Organ transplants are a lifesaving force to treat diseases that once would have been fatal. Since the first kidney transplant in 1954, organ transplants have become a common treatment to replace damaged organs and save lives (Leppke et al., 2013). If your heart fails, it can be replaced. If your kidney is diseased, a friend or family member can donate one of theirs. Even skin can be taken from your own body and grafted to an area affected with severe burn damage. However, roadblocks to organ transplants include increasingly long waiting lists, lack of donors, organ rejection, infections, and risks associated with immunosuppressants has meant that not all those who need an organ transplant will receive one (Dzobo et al., 2018; Fishman, 2017). In the US, an average of 17 people die each day while waiting for an organ transplant (Organ Donation Statistics, 2023). Thankfully, advances in regenerative medicine, such as organ regeneration, offer the chance to reestablish or replace these failing parts of the body to make them functional once again.

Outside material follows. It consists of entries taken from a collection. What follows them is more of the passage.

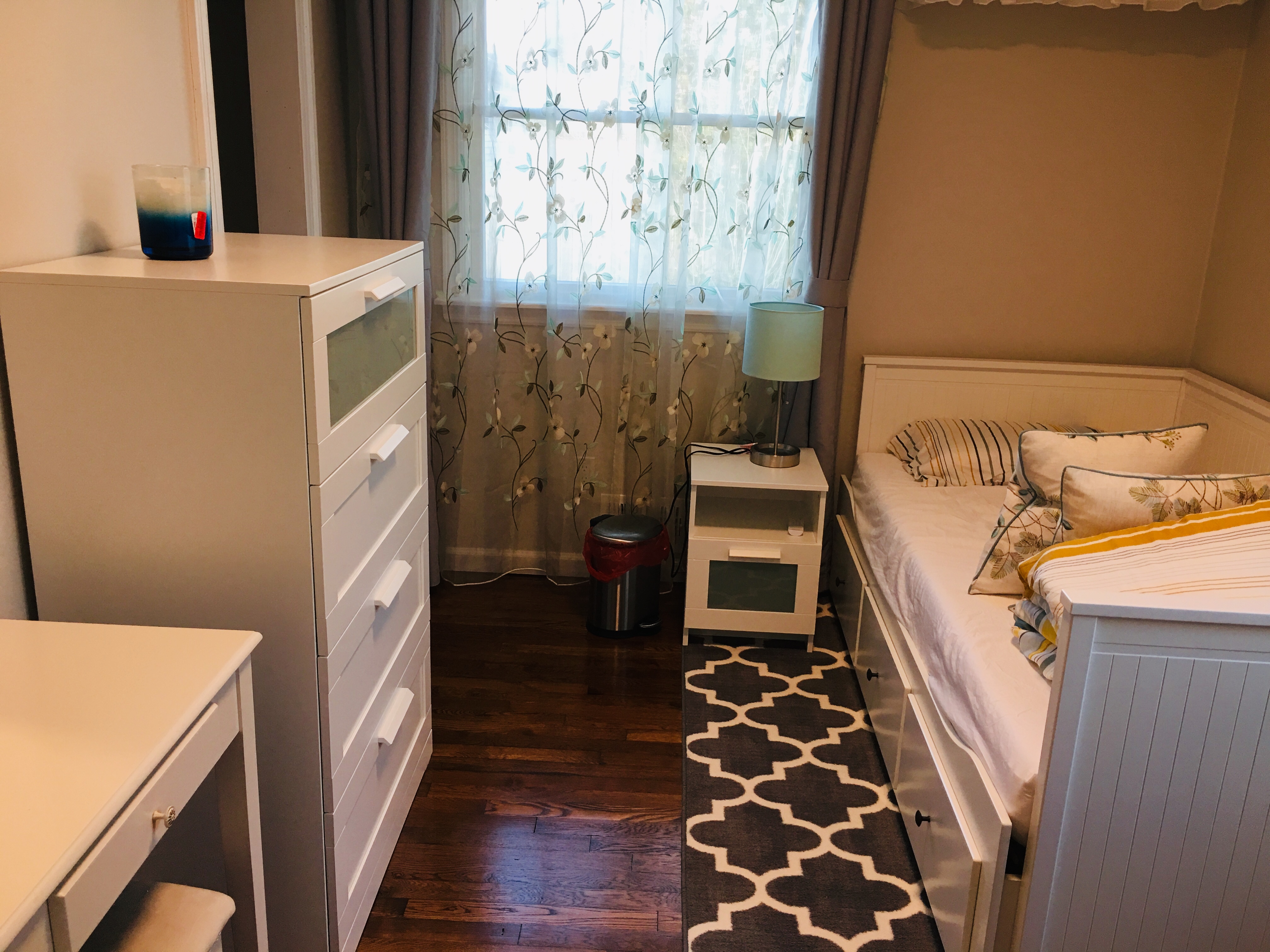 房子位于Centereach,离学校上下班时间开车10分钟,走路到Walmart、肯德基、健身房10分钟。新装修,一共有四个房间两个卫生间,现剩下一个单人房,整个房子只有四个人(包括现在即将招租的一个人),新买的洗衣机烘干机,小区特别安静。另一间房已有一个女生入住,现出租剩下的一个房间,房租:$650,包水和高速网络,煤气、电按人头平摊。半年起租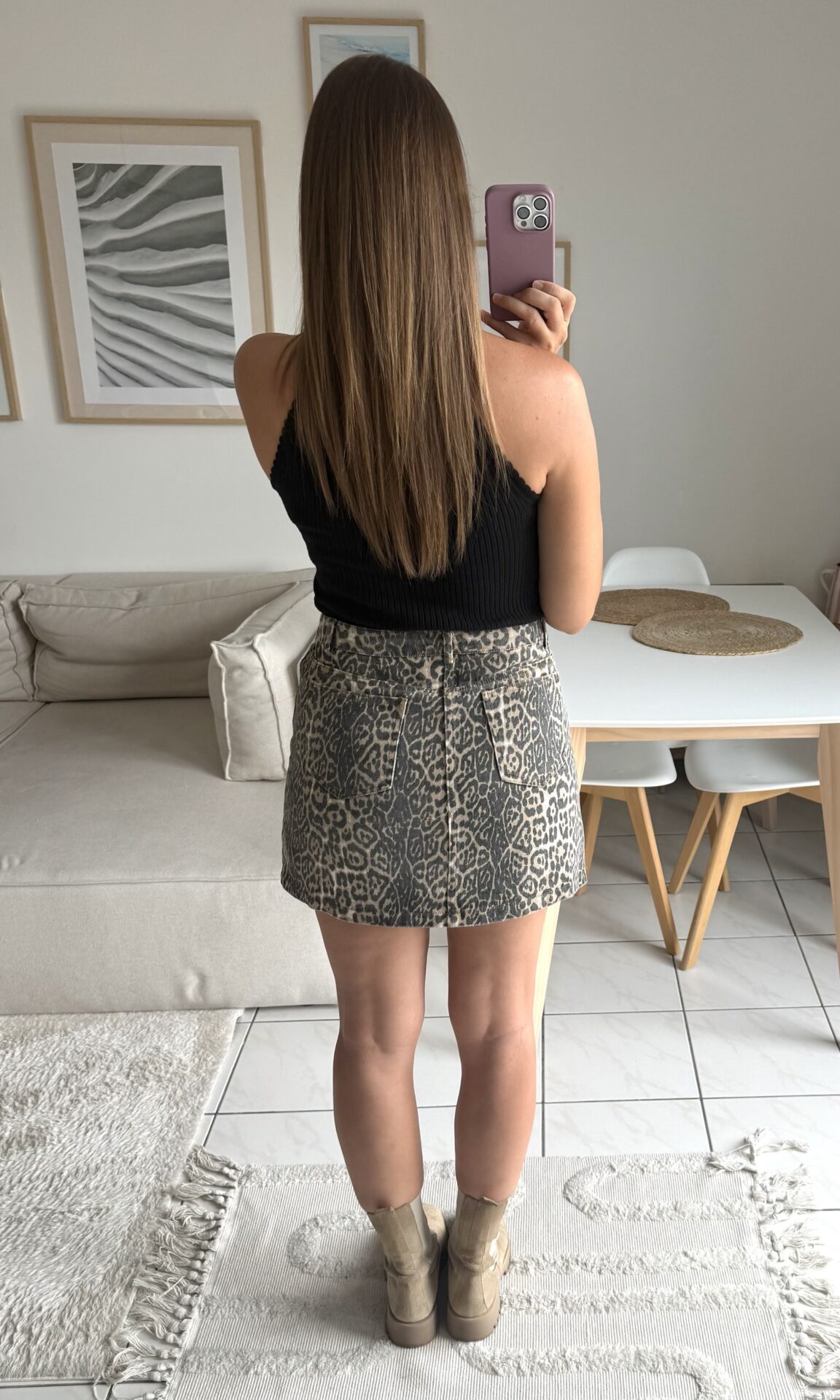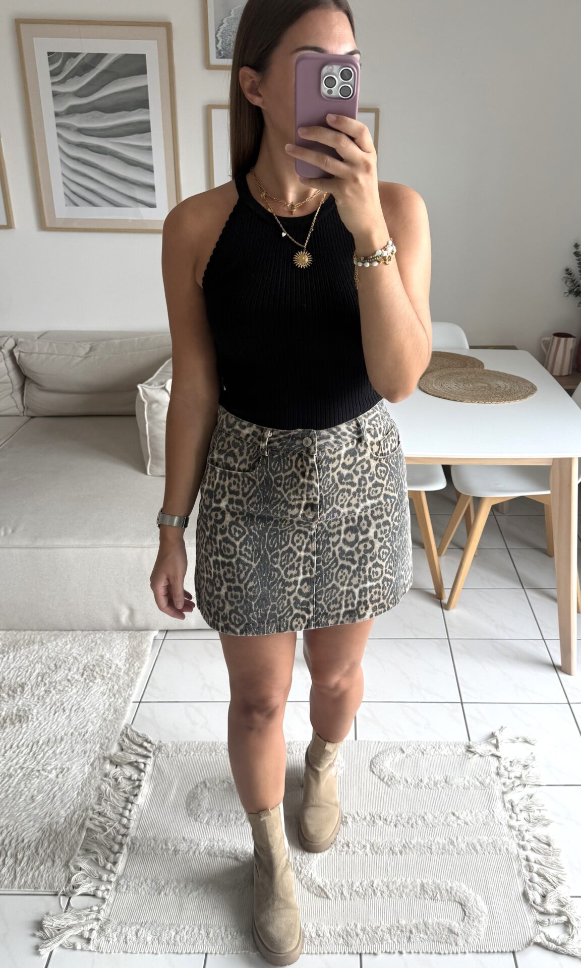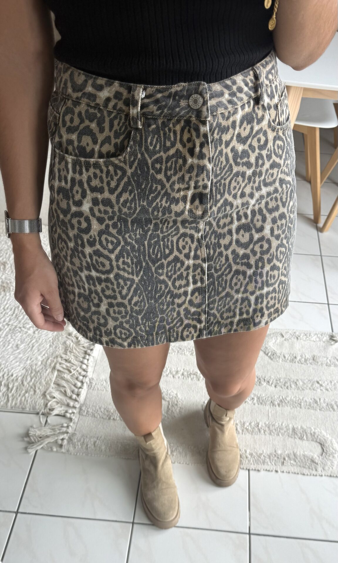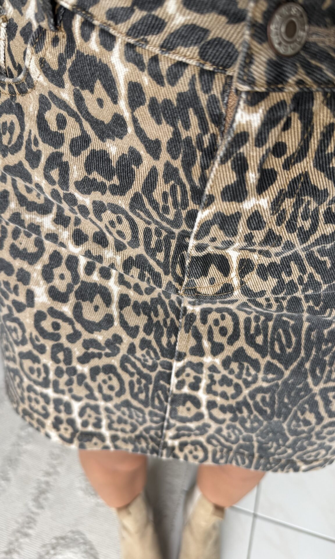 Comment ne pas craquer pour cette jolie jupe en jean aux motifs tendances léopard ! S’associe parfaitement avec des couleurs neutres telles que le noir, le marron, le beige que des couleurs plus pep’s telles que le rose, le rouge, le bleu.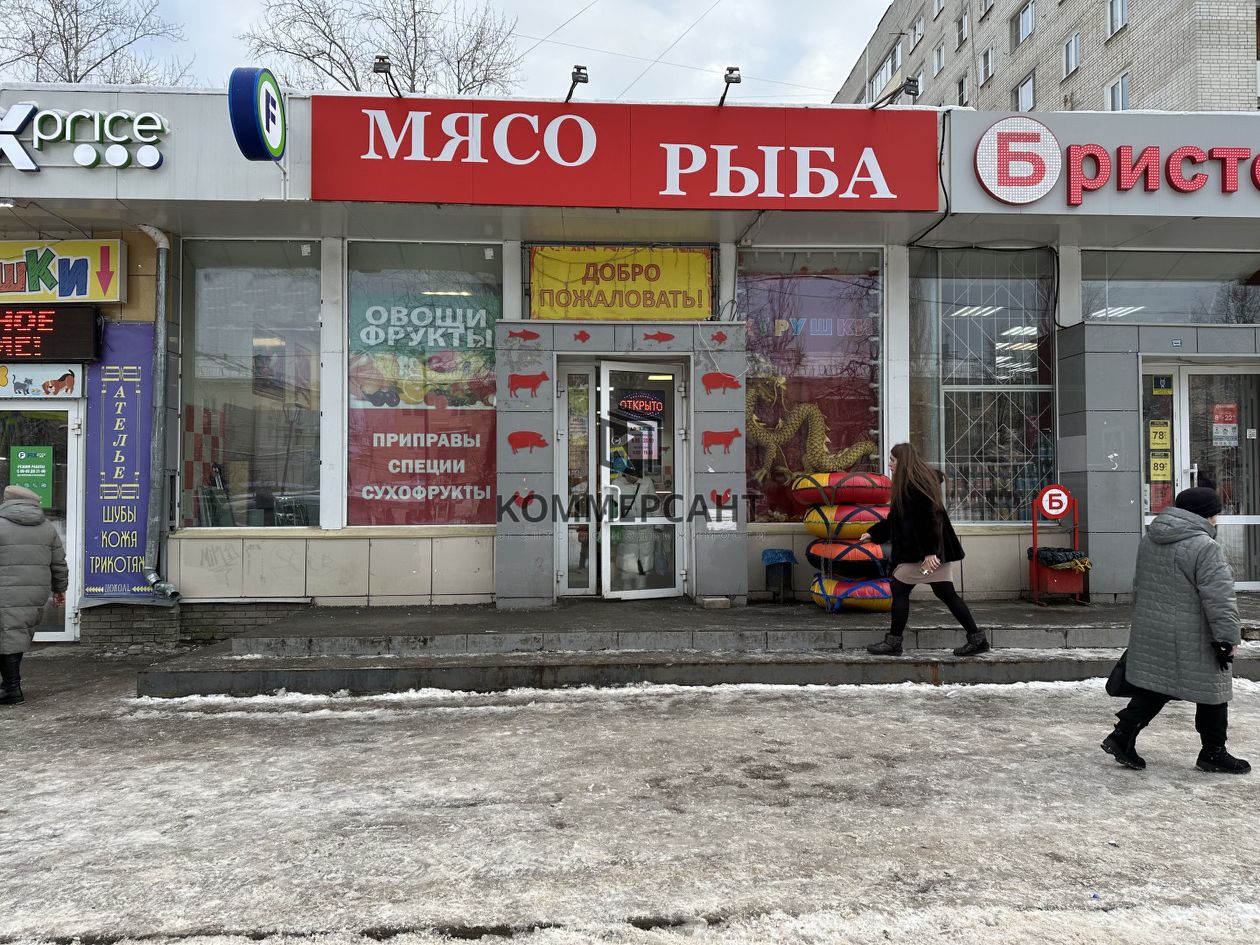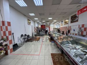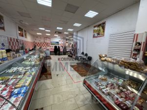 Основной профиль торговли в этом помещении продукты питания (мясо, рыба, кондитерские изделия), есть также и непродовольственные товары.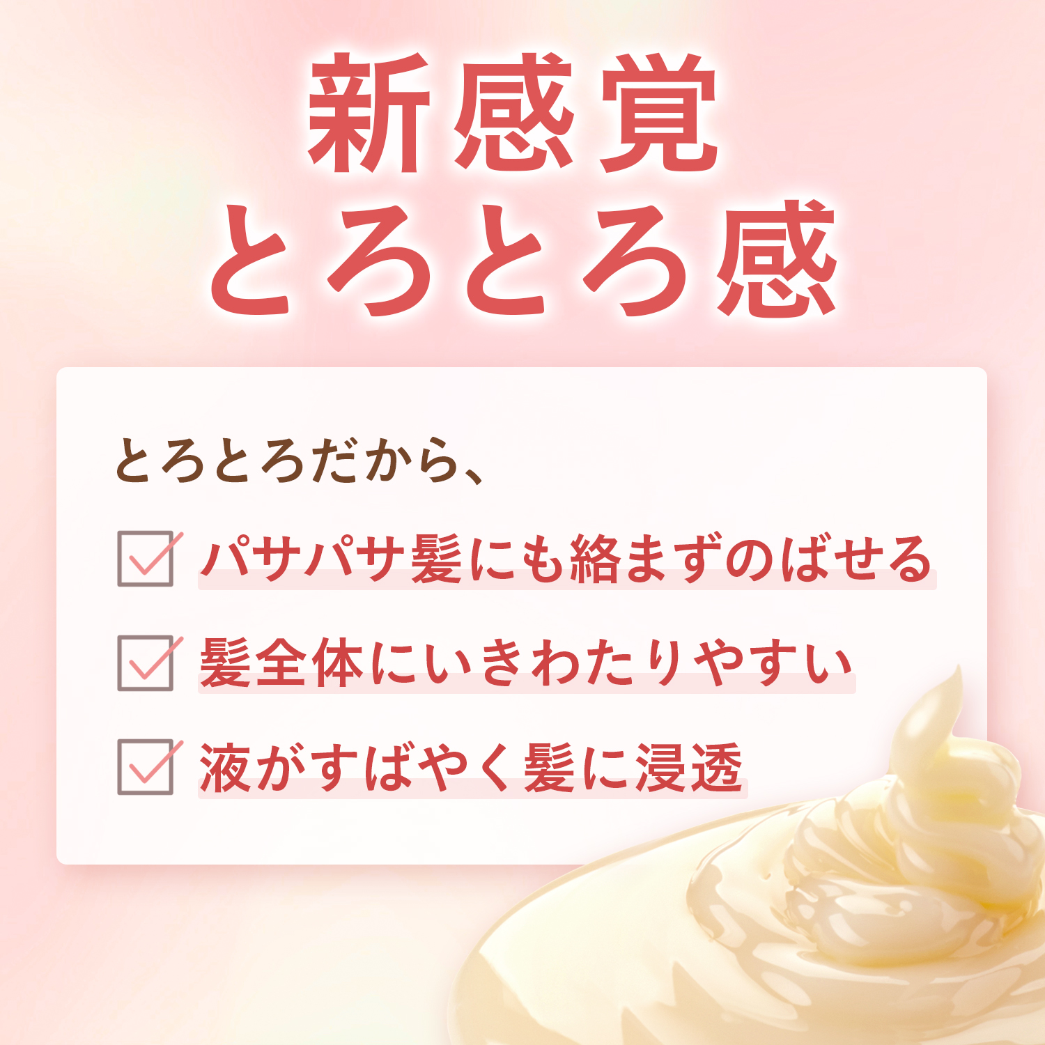 とろとろ液状クリームなので髪全体にのばしやすく、すばやくなじみます。

What is Regenerative Medicine?

As defined by Mason and Dunnill (2007), “regenerative medicine replaces or regenerates human cells, tissue or organs, to restore or establish normal function.” As distinct from ‘repairing’, in regeneration, new tissue is synthesized to replace damaged tissue and restore full function. Repair is where scar tissue is produced to restore functionally, but the original structure of the organ is not restored (Yannas, 2015). Regenerative medicine aims to replace damaged tissue and organs to restore the body’s full function (Mason and Dunnill, 2007).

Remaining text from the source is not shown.